Her voice trailed off, and she looked to the side. “I know you,” she murmured. “And I know you won’t survive this. You’ll kill her, and you’ll kill Luc, and we’ll come back together – but there won’t be an ‘after’ anymore. We’ll both still be in our wars, missing what we gave to end them.”
Michael looked at her quietly for a long moment, weighing her words in his head. “I don’t see another way,” he said quietly.
“I’m not sure there is one.” Sobriquet wiped at her eyes, slouching against the backrest. “Life doesn’t always give you good options. I thought you had some. I was even greedy enough to think I could borrow them, for a time. But instead you got mine.”
“I don’t think that’s so terrible,” Michael said, managing a smile. It faded. “You’re not – wrong. I’ve given some things up. Some of them I was probably better off without, honestly, but they were mine. My fears, my limits. And those did make me who I was, for a time. But who I am isn’t fixed.”
He shrugged helplessly. “Vera said something once that stuck with me. That we’re all ‘cascades of thought and whim, tumbling forward through time.’ We’re processes, not some stone carving, and I’ve come to understand that we control only the smallest parts of what we are to the world. All I can control is what I am to myself.” He found his smile again, reaching out to clasp her hand. “And what you are to me.”
She gave his hand a squeeze, mustering a smile in return under reddening eyes. “And what am I to you?” she asked.
“That’s a secret,” Michael replied, kissing her on the forehead. “I’ll tell you when we reach Mendian.”
His words wrenched a laugh from her; she slid over to his bench and sat with her head resting on his shoulder for a time. Eventually, though, as the engine began to strain against the cars and the station slowly slid behind them, she raised her head once more.

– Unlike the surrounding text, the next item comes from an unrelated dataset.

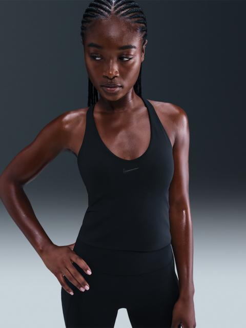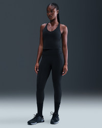 Don't let 'em see you sweat. Made with Stealth Evaporation tech, this ultrasmooth bra tank conceals moisture and feels sleek and cool to the touch. Its medium support gives you a snug hold and pads offer stay-put coverage so you can go all out with confidence. More Benefits - Keyhole at back offers cooling in high sweat area. Product Details - Gloss silicone Swoosh logo - Body: 77% polyester/23% spandex. Panels lining: 84% polyester/16% spandex. Mesh: 80% polyester/20% spandex; Elastic: 81% nylon/19% spandex. Pad: 100% polyurethane. - Machine wash - Imported - Shown: Black/Anthracite/Dark Smoke Grey - Style: IF0950-010 SIZE & FIT Model is wearing size S Model height: 5′8″173cm Model bust: 31″79cm Tight fit: snug and form-fitting Medium support: feels ke a snug hold to keep everything in place

“Do you think the flat is still open?” she asked. “We shouldn’t be in Imes for long, but it would be nice to swing back through.”
Michael snorted. “I can’t think why anyone would move in there on purpose,” he said. “It was drafty, ill-appointed and leaked from the balcony. Its only redeeming quality was that you lived there too.”
“I rather liked it,” she said defensively. “It had a cozy feel. We should look into purchasing it – or I should, since I’m the only one with any money.”
“I feel like we can make it work.” Michael gave a rueful smile, gesturing vaguely forward to Imes. “We’ll have to talk with Emil about it, after everything else. I imagine he’ll give us the deed just so we leave him in peace.”
“That sounds like a good plan.” Sobriquet closed her eyes and let her head drop against his shoulder once more. The train began to build its speed, rushing down the long track to Imes. “After everything else.”